* What you will do
Output the listing verbatim, leaving out every picture.

* Data section
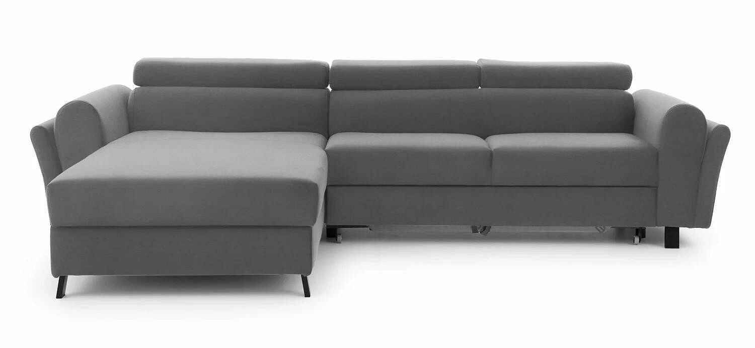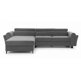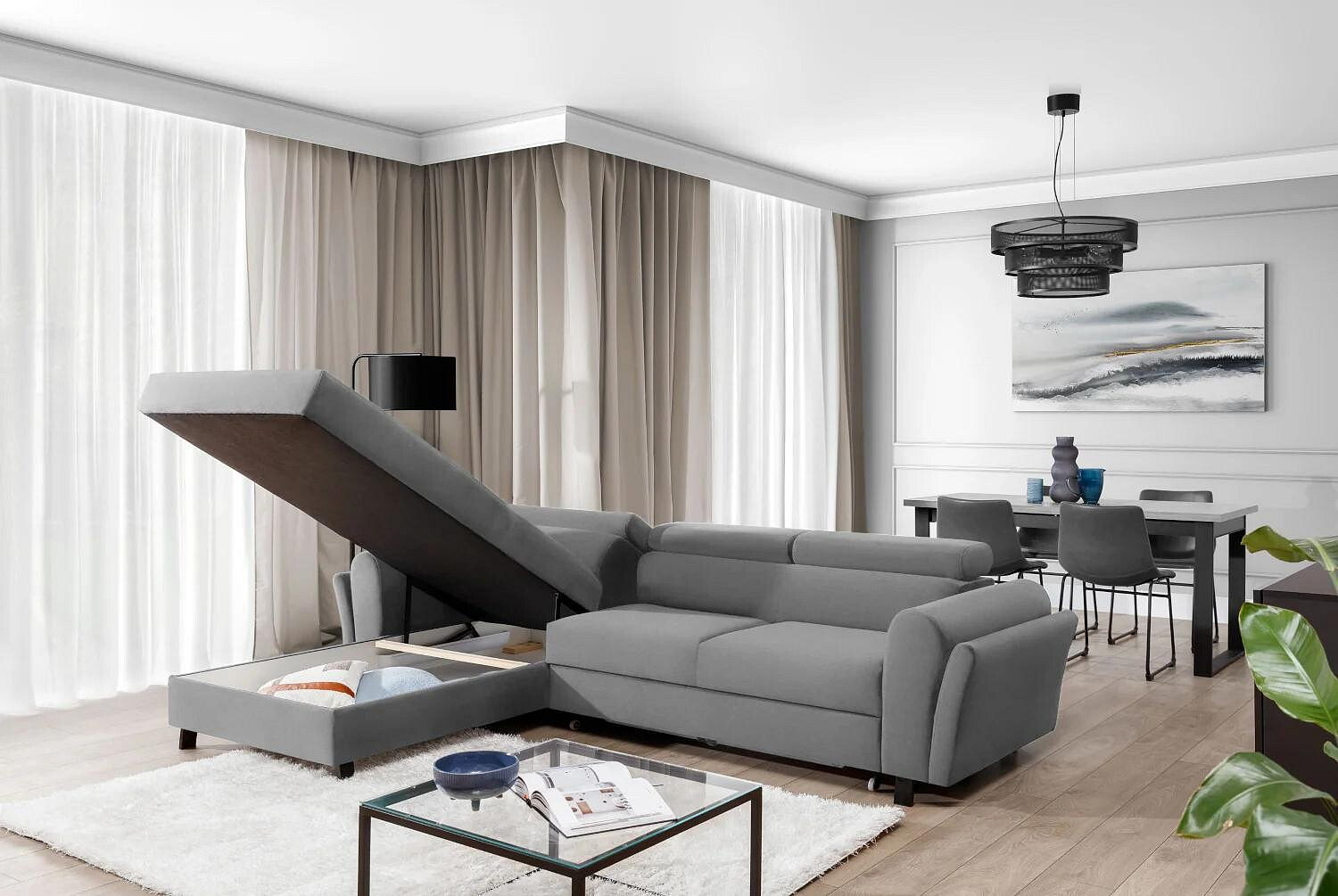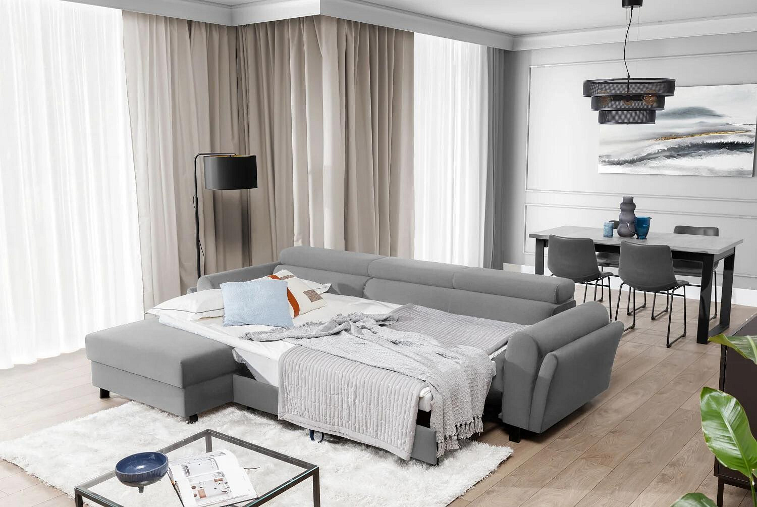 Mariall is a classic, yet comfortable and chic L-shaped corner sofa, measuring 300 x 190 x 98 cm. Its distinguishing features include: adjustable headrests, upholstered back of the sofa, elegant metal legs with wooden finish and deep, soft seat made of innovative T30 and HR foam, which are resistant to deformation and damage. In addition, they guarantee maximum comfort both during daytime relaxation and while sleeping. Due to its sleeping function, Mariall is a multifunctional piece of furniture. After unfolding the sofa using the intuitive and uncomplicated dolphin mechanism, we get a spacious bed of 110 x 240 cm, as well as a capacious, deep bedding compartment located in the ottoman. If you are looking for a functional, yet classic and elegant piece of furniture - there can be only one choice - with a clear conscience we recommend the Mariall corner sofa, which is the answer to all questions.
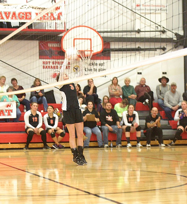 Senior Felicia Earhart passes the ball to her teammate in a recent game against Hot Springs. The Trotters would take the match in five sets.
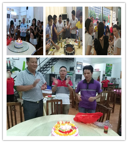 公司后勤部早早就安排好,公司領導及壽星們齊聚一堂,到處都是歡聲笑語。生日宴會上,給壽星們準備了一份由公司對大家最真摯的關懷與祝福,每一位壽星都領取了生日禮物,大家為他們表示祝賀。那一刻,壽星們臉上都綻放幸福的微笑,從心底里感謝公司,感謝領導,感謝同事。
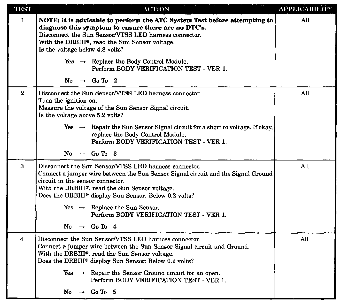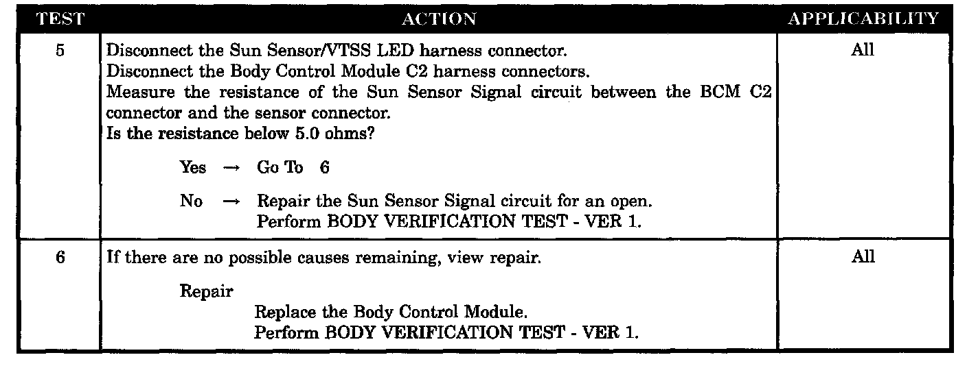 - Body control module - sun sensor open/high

* Response below
 Mariall is a classic, yet comfortable and chic L-shaped corner sofa, measuring 300 x 190 x 98 cm. Its distinguishing features include: adjustable headrests, upholstered back of the sofa, elegant metal legs with wooden finish and deep, soft seat made of innovative T30 and HR foam, which are resistant to deformation and damage. In addition, they guarantee maximum comfort both during daytime relaxation and while sleeping. Due to its sleeping function, Mariall is a multifunctional piece of furniture. After unfolding the sofa using the intuitive and uncomplicated dolphin mechanism, we get a spacious bed of 110 x 240 cm, as well as a capacious, deep bedding compartment located in the ottoman. If you are looking for a functional, yet classic and elegant piece of furniture - there can be only one choice - with a clear conscience we recommend the Mariall corner sofa, which is the answer to all questions.
 Senior Felicia Earhart passes the ball to her teammate in a recent game against Hot Springs. The Trotters would take the match in five sets.
 公司后勤部早早就安排好,公司領導及壽星們齊聚一堂,到處都是歡聲笑語。生日宴會上,給壽星們準備了一份由公司對大家最真摯的關懷與祝福,每一位壽星都領取了生日禮物,大家為他們表示祝賀。那一刻,壽星們臉上都綻放幸福的微笑,從心底里感謝公司,感謝領導,感謝同事。
 - Body control module - sun sensor open/high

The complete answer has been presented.